In this paper, we propose a two-stage robust perimeter flow control policy to prevent congestion in single-region transport networks. We describe the single-region traffic dynamics by utilising the so-called Macroscopic or Network Fundamental Diagram (MFD or NFD), a nonlinear relation between network-wide mean flow and accumulation of vehicles. By using MFD relaxation conditions and structuring uncertainties, we reformulate the nonlinear flow dynamics to set of uncertain Linear Parametrically Varying (LPV) ones. In controller design stage one, we apply the concept of a two degree of freedom, induced L-2 norm minimising LPV controller. Within the generalised performance output, we include tracking performance to follow a pre-defined critical accumulation in uncertain model environment. Output feedback LPV controller ensures generalised disturbance attenuation conditions with appropriate gated input flow at the perimeter.
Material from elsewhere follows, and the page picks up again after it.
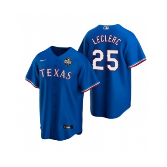 >Men's Texas Rangers #25 José Leclerc Royal 2023 World Series Stitched Baseball Jersey

Second, an optimal quadratic control allocation algorithm is employed to distribute the ordered flow to entrance link green stages (flow equivalent green time) in a number of candidate junctions at the perimeter of the network. The constrained allocation techniques complement the robust controller enabling real-time applicability of the proposed methodology. Finally, the proposed robust control scheme is tested and compared with a reference tracking bang-bang controller in macroscopic simulation. Results indicate the viability of the proposed LPV controller and its rapid and accurate tracking behaviour under highly uncertain parameters of the MFD.